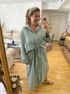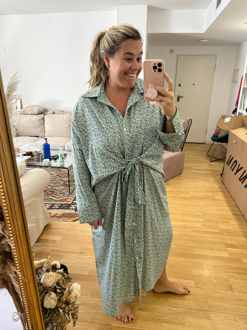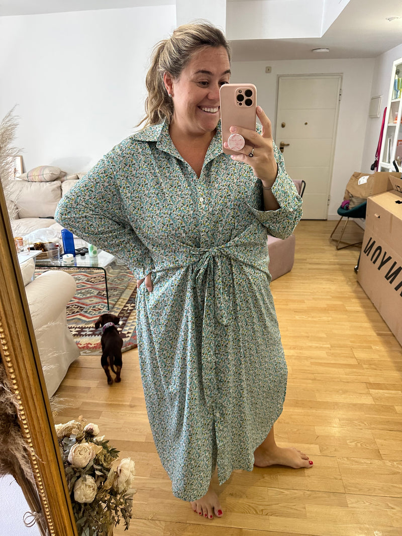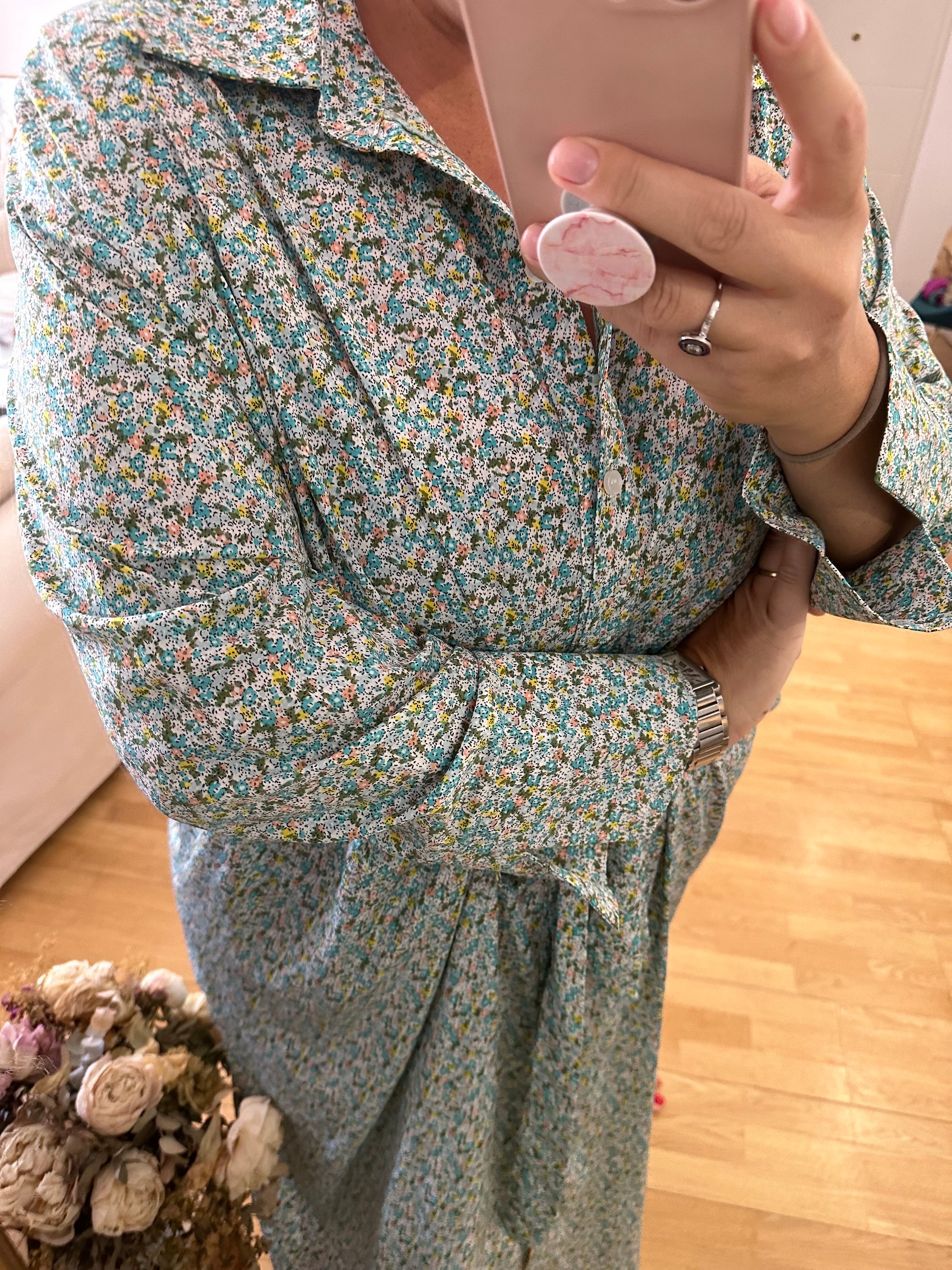vestido camisero abotonado con estampado de florecitas en tonos verdes
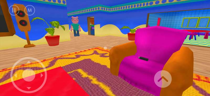 游戏中的房间是立体的,当玩家撞上了小猪的家人,可以通过和房间的交互来逃避追捕。在关卡中还有很多的小道具,不要犹豫,把它们拿起来吧,这样你就拥有了对抗的战力,可以顺利帮助小猪逃出生天。
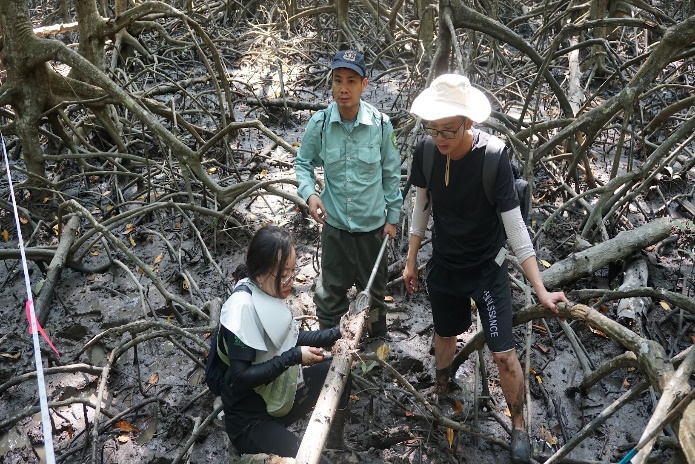 Khảo sát, lấy mẫu thực địa tại rừng ngập mặn Cần Giờ (Ảnh do Ban tổ chức cung cấp)
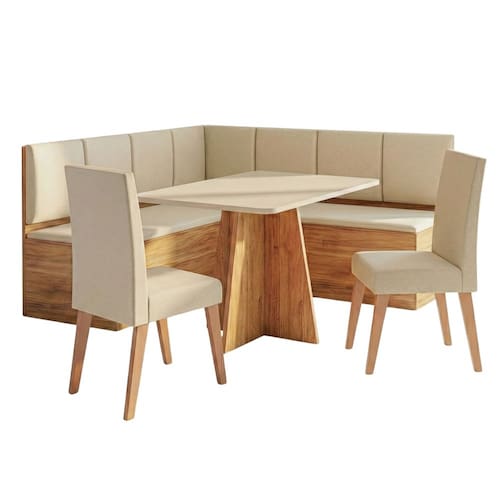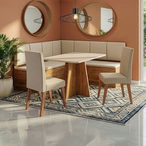 O Conjunto Sala de Jantar Canto Alemão Liebe com Mesa Move e 2 Cadeiras Milano é a escolha perfeita para transformar sua cozinha ou sala de jantar com charme, funcionalidade e conforto. O Canto Alemão Liebe com Baú oferece assentos confortáveis e espaço interno para armazenamento, ajudando na organização e no melhor aproveitamento do espaço. A Mesa Move apresenta um visual moderno e funcional, com estrutura firme e tampo elegante que harmoniza perfeitamente com o conjunto. As 2 Cadeiras Milano, produzidas em madeira maciça, garantem resistência, durabilidade e conforto, com assento estofado que torna as refeições ainda mais agradáveis. Um conjunto versátil e sofisticado, perfeito para quem busca funcionalidade, conforto e estilo na sala de jantar.
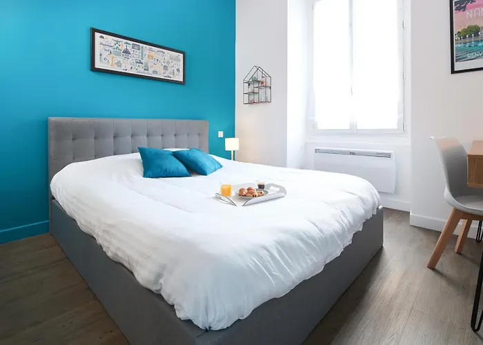 Studio Cosy Blue Au Coeur De Nantes距离南特岛机械有1.2公里的路程,全场有免费无限网络. 住宅设有咖啡/茶设施,小厨房和办公桌的房间.
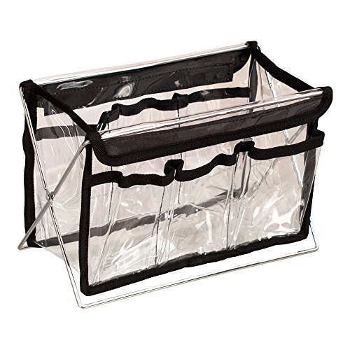 High quality clear vinyl and construction for extra durability. Clear see through design for easy find and fast access to what you need. Foldable metal stand for easy storage. Six external pockets for easy organization of craft accessories. Spacious interior to fit larger tools and accessories. Easy to clean interior and weatherproof. External pocket dimension (LxWxH): 4.5" x 2.25" x 1". Main compartment dimension (LxWxH): 10" x 4.5" x 6.5". Overall case dimension (LxWxH): 10.75" x 6" x 7". Quantity / Carton: 24 pcs.Feature
^^^^
- _Problem description_: Each record is to be restated word for word; no picture goes in.

- _Written solution_:
vestido camisero abotonado con estampado de florecitas en tonos verdes
 游戏中的房间是立体的,当玩家撞上了小猪的家人,可以通过和房间的交互来逃避追捕。在关卡中还有很多的小道具,不要犹豫,把它们拿起来吧,这样你就拥有了对抗的战力,可以顺利帮助小猪逃出生天。
 Khảo sát, lấy mẫu thực địa tại rừng ngập mặn Cần Giờ (Ảnh do Ban tổ chức cung cấp)
 O Conjunto Sala de Jantar Canto Alemão Liebe com Mesa Move e 2 Cadeiras Milano é a escolha perfeita para transformar sua cozinha ou sala de jantar com charme, funcionalidade e conforto. O Canto Alemão Liebe com Baú oferece assentos confortáveis e espaço interno para armazenamento, ajudando na organização e no melhor aproveitamento do espaço. A Mesa Move apresenta um visual moderno e funcional, com estrutura firme e tampo elegante que harmoniza perfeitamente com o conjunto. As 2 Cadeiras Milano, produzidas em madeira maciça, garantem resistência, durabilidade e conforto, com assento estofado que torna as refeições ainda mais agradáveis. Um conjunto versátil e sofisticado, perfeito para quem busca funcionalidade, conforto e estilo na sala de jantar.
 Studio Cosy Blue Au Coeur De Nantes距离南特岛机械有1.2公里的路程,全场有免费无限网络. 住宅设有咖啡/茶设施,小厨房和办公桌的房间.
 High quality clear vinyl and construction for extra durability. Clear see through design for easy find and fast access to what you need. Foldable metal stand for easy storage. Six external pockets for easy organization of craft accessories. Spacious interior to fit larger tools and accessories. Easy to clean interior and weatherproof. External pocket dimension (LxWxH): 4.5" x 2.25" x 1". Main compartment dimension (LxWxH): 10" x 4.5" x 6.5". Overall case dimension (LxWxH): 10.75" x 6" x 7". Quantity / Carton: 24 pcs.Feature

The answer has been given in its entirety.